It does sound like a bios battery, but something to try, did you go into your bios and check the clock there, if the time is correct when you turn the system back on then it may not be the battery. if the clock is correct, then try syncing the time with the internet and see if it helps. right click on the clock then adjust date/time. There should be a tab for internet time or something similar (not on a windows computer right now)


----------



## brianc54

*Re: System Clock stops after I shutdown the system*

Hi, I have a 3 year old HP Pavilion dv2000 and was running perfectly up until now. The time clock stops whenever I shutdown.
I can reset the clock with synchronization and will keep correct time until I power off again… it stops at the time I shutdown my laptop.
My first thoughts were the RTC battery which I had replaced by a computer technician. But the problem continues. He also checked to see if the new battery was good and connected properly. 
The BIOS clock also stops at the time of shutdown
Is there any other reason why the clock would stop?
I have check through many online forums and all say it’s the RTC (CMOS) battery but none have mentioned what else could cause the clock to stop. 
I am sure this is not the first time this type of problem has arisen since the conception of personal computing.
Is it software or a hardware problem? Anyone have any ideas? 
Brian


----------



## sobeit

*Re: System Clock stops after I shutdown the system*

if it is still stopping in the bios, it is either the battery (which you eliminated) or your motherboard could be going bad. 

Did you try to reset everything in your bios by pulling the proper jumpers on the motherboard? 

did you go to hp's website and see if there is a bios update for this problem on your specific system?

You do have the correct battery installed?

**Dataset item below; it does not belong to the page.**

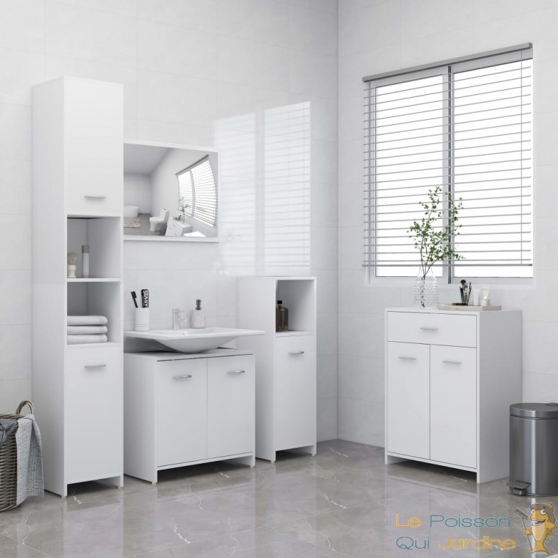 Armoire de Salle de Bain : Offrant un espace de rangement spacieux, cette armoire est parfaite pour organiser vos articles de toilette, serviettes et autres accessoires. Ses étagères réglables vous permettent de personnaliser l'espace en fonction de vos besoins.

Otherwise, if everything is working properly and you have broadband, I would sync windows time online.


----------



## brianc54

*Re: System Clock stops after I shutdown the system*

Problem Solved.
Thank you sobeit, you are the first persom to mention a solution apart from changing the battery.
I did have the battery replaced with the correct one and i did use windows synce to adjust the clock but it was the BIOS that was the problem.
I have just moved back to Western Australia and they have recently (2008) implimented a summer daylight saving time. 
Although this change to summer time was adjusted with a Windows update the BIOS was still using the old time setup which was causing a conflict.

Now that i have downloaded and installed the latest BIOS update my sytem clock is now fine.

Anyway, thanks again. I have been searching thru numerious forums about this and you are the first to say to chaeck for bios updates from the manufactures.

Cheers
Brian


----------



## dai

*Re: System Clock stops after I shutdown the system*

glad you have it sorted


----------